> _What this task involves_
Please return exactly the line that contains "সরেজমিনে দেখা গেছে, উপজেলার" and every line after it, through the last line of the records below, with no pictures.
=== Data section ===
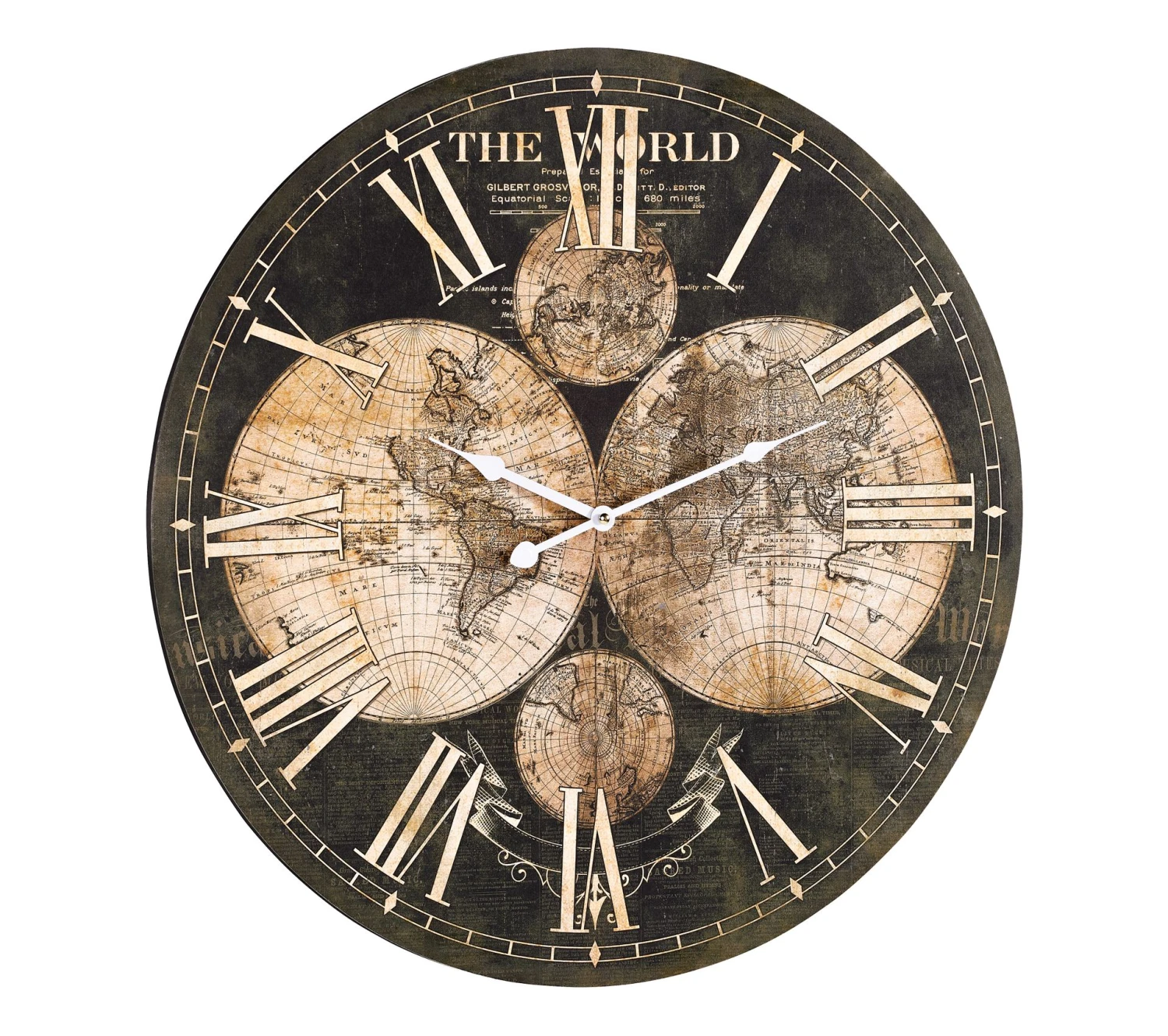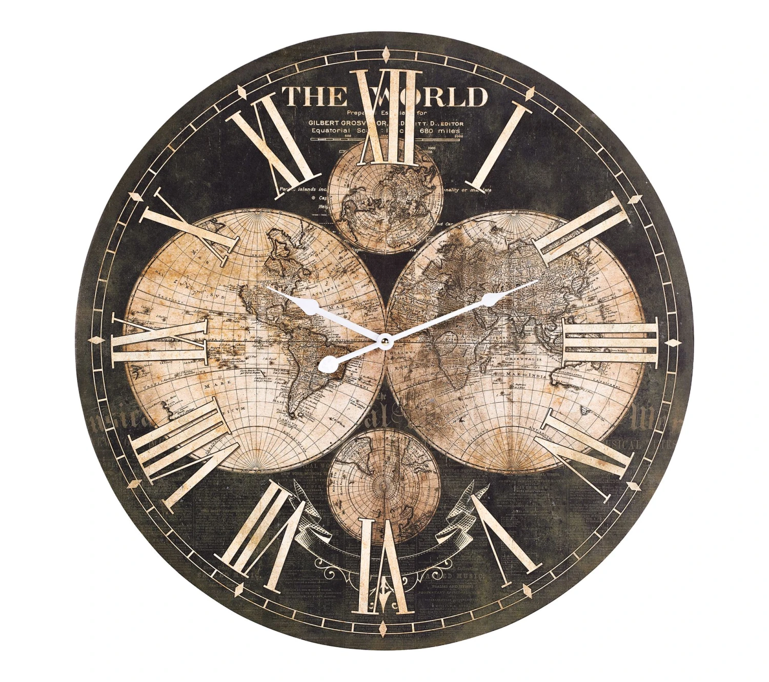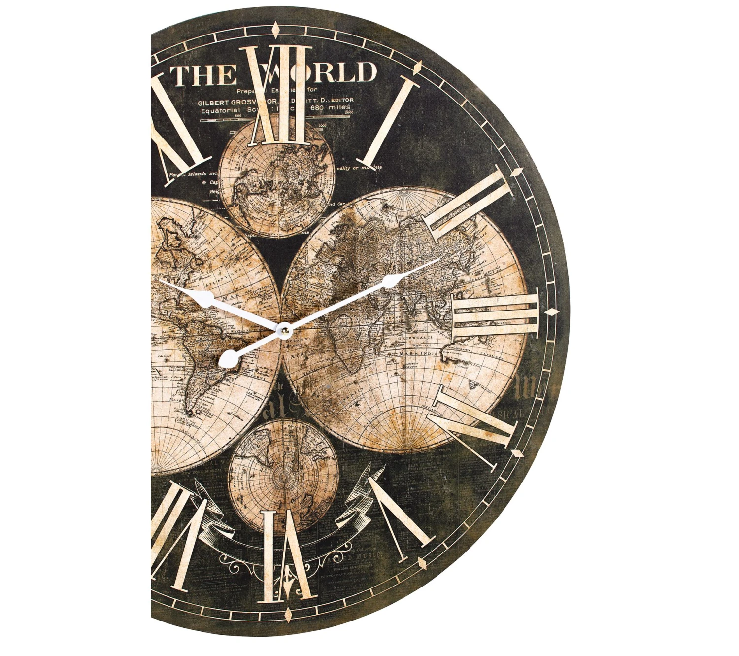 Craquez pour cette horloge noire et dorée dont le fond décoré représente une carte du monde. Son style vintage se mariera facilement avec du mobilier ancien ou avec des meubles contemporains, selon vos préférences. Conçue en panneaux de fibres de moyenne densité, elle est légère et se fixe directement au mur.
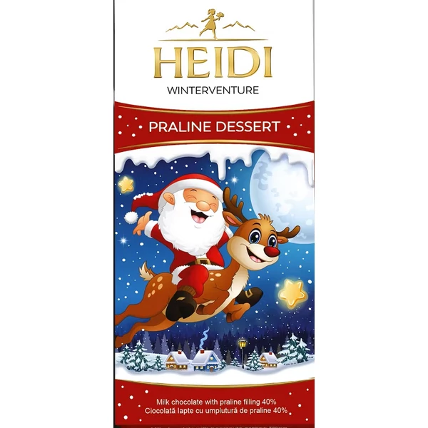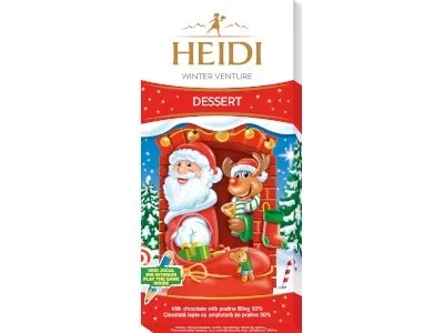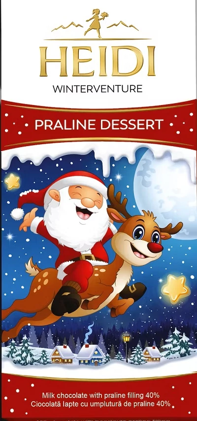 Ünnepi tej- és étcsokoládé duó mikulás- és rénszarvasfigurákkal, karácsonyi fűszerekkel. A Heidi Winterventure Dessert Santa & Rudolf krémes állaga és fűszeres aromái varázslatos ízélményt nyújtanak a téli ünnepek alatt.
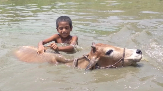 সরেজমিনে দেখা গেছে, উপজেলার মোহনপুর ইউনিয়নের গরু খামারি গোলাবুর রহমান তীব্র দাবদাহ হতে রক্ষা পেতে তার পালিত গরুগুলোকে পুকুরের পানিতে নামিয়ে দিয়েছেন।
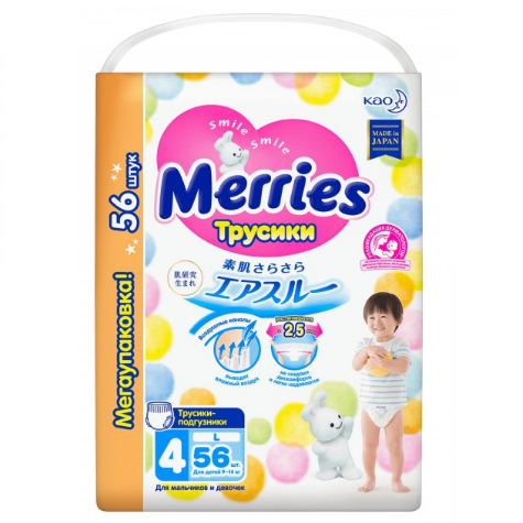 Merries Трусики-подгузники L (9-14 кг) 56 шт. идеально подойдут малышу, который начинает активно двигаться. Даже если малыш очень активный, трусики-подгузники Merries надежно защищают от протеканий и опрелостей, обеспечивая необходимый комфорт и свободу движений!
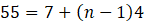 W tym zadaniu musisz obliczyć, ile wyrazów ma ciąg arytmetyczny 7, 11, 15, …, 55.
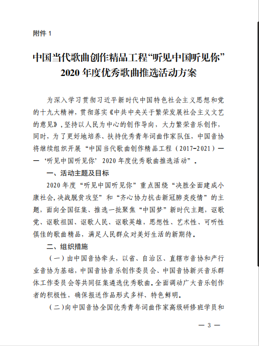 “听见中国听见你”2020年度优秀歌曲推选活动通知
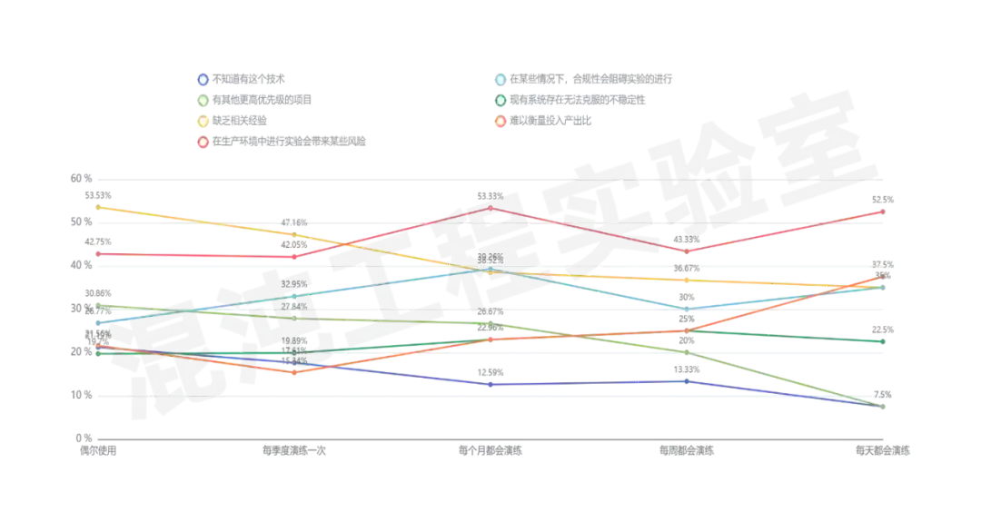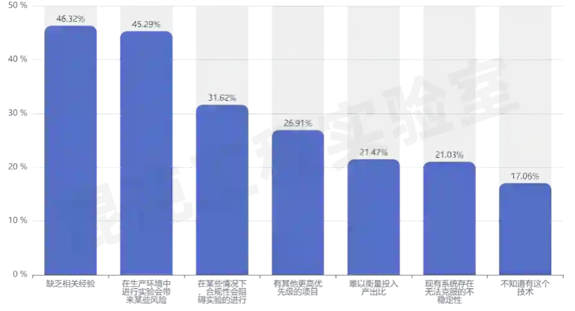 阻碍用户大规模、深度使用混沌工程的主要障碍是:缺乏相关经验以及担心故障注入对生产环境带来风险。
===
> _Solution for this exercise_
 সরেজমিনে দেখা গেছে, উপজেলার মোহনপুর ইউনিয়নের গরু খামারি গোলাবুর রহমান তীব্র দাবদাহ হতে রক্ষা পেতে তার পালিত গরুগুলোকে পুকুরের পানিতে নামিয়ে দিয়েছেন।
 Merries Трусики-подгузники L (9-14 кг) 56 шт. идеально подойдут малышу, который начинает активно двигаться. Даже если малыш очень активный, трусики-подгузники Merries надежно защищают от протеканий и опрелостей, обеспечивая необходимый комфорт и свободу движений!
 W tym zadaniu musisz obliczyć, ile wyrazów ma ciąg arytmetyczny 7, 11, 15, …, 55.
 “听见中国听见你”2020年度优秀歌曲推选活动通知
 阻碍用户大规模、深度使用混沌工程的主要障碍是:缺乏相关经验以及担心故障注入对生产环境带来风险。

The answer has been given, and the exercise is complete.